As California continues to push for a carbon-free electricity grid by 2045, hybrid projects combining solar power with energy storage are playing an increasingly vital role. A recent milestone in this effort came with Aypa Power’s announcement of $535 million in secured debt financing for the 320MW Vidal project in San Bernardino County.

The project, which pairs 160MW of solar capacity with a 160MW/640MWh battery energy storage system (BESS), is expected to enter commercial operation in 2026. Vidal stands out not only for its scale but for its strategic integration of dispatchable energy—aiming to provide peak-demand support and grid reliability while supplying renewable electricity to San Diego Community Power under a long-term power purchase agreement (PPA).
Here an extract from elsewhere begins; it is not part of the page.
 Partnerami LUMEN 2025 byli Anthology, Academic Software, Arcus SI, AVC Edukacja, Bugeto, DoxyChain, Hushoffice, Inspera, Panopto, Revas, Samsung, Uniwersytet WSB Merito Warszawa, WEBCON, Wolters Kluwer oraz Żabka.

The financing package, one of the largest debt raises for a hybrid renewable project in the U.S. this year, signals investor confidence in both Aypa Power’s development pipeline and California’s regulatory landscape supporting energy transition infrastructure. Santander Corporate & Investment Banking acted as coordinating lead arranger, green loan coordinator, and letter of credit issuer. Additional financial partners included U.S. Bank (through its Impact Finance arm), Zions Bancorporation, Siemens Financial Services, and Associated Bank.
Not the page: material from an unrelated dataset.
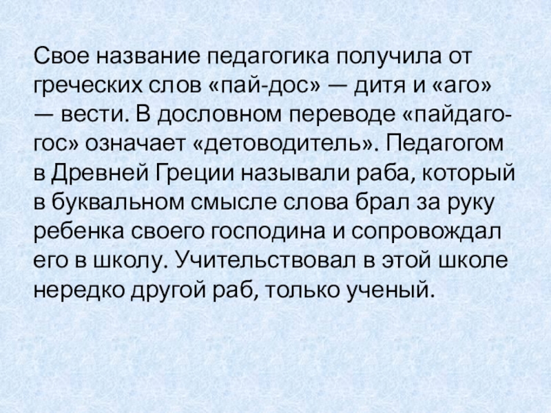 «аго» — вести. В дословном переводе «пайдаго-гос» означает «детоводитель». Педагогом в Древней Греции называли раба, который в буквальном смысле слова брал за руку ребенка своего господина и сопровождал его в школу. Учительствовал в этой школе нередко другой раб, только ученый.

The economics of such projects are bolstered by California’s capacity market reforms and incentives for resource adequacy—a key factor in the Vidal project’s revenue strategy. Through its BESS component, the project will be able to store solar energy for dispatch during peak evening hours, when demand is high and solar generation drops off.

In addition to contributing toward state-level decarbonization goals, Vidal is expected to deliver tangible local benefits. The project will generate an estimated $13.5 million in regional economic activity and create approximately 260 construction jobs, according to the company. Located in San Bernardino County, an area with a growing footprint of renewable energy infrastructure, the project adds to a growing portfolio of clean tech investments designed to bring resilience and jobs to inland California.
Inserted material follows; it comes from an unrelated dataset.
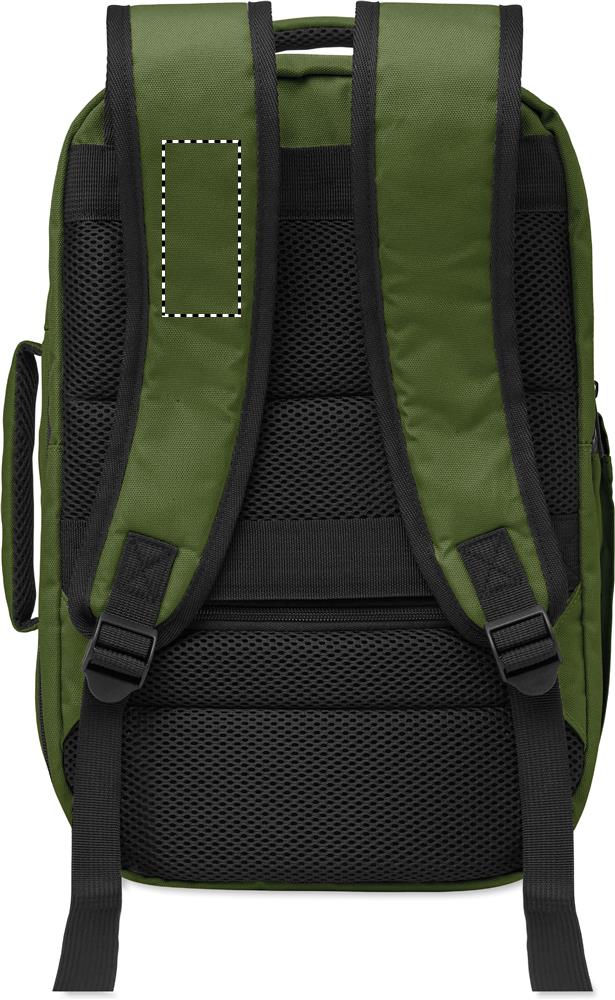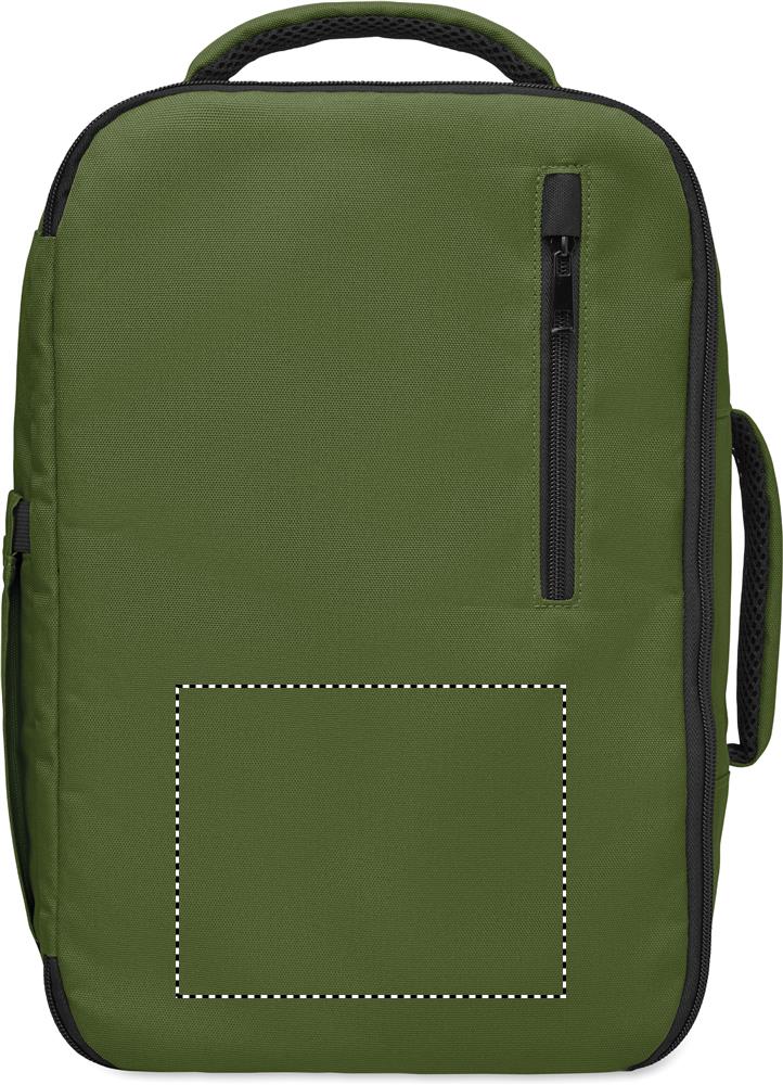 Kabinový batoh vyrobený z polyesteru 600D RPET s otevíráním pod úhlem 180o. Hlavní přihrádka se dvěma otevřenými oddíly, polstrovaná kapsa na 15'' notebook a popruh na zavazadlo.

This financing follows Aypa’s earlier $190 million debt raise in January 2025 for its Bypass BESS project in Fort Bend County, Texas. That facility, sized at 200MW/400MWh, was supported by a $68 million construction-to-term loan and a $91 million tax equity bridge loan. Together, these two deals suggest a strategic alignment by Aypa Power—a Blackstone portfolio company—toward bankable, large-scale battery storage projects in both ERCOT and CAISO markets.

As California faces increasing pressure to retire fossil fuel peaker plants and manage the intermittency of renewables, projects like Vidal will serve as critical testbeds for the economic viability of solar-plus-storage at utility scale. With funding now in place, the next phase will involve execution—on permitting, procurement, and ultimately grid interconnection—each of which remains a known pressure point in the state’s renewable deployment pace.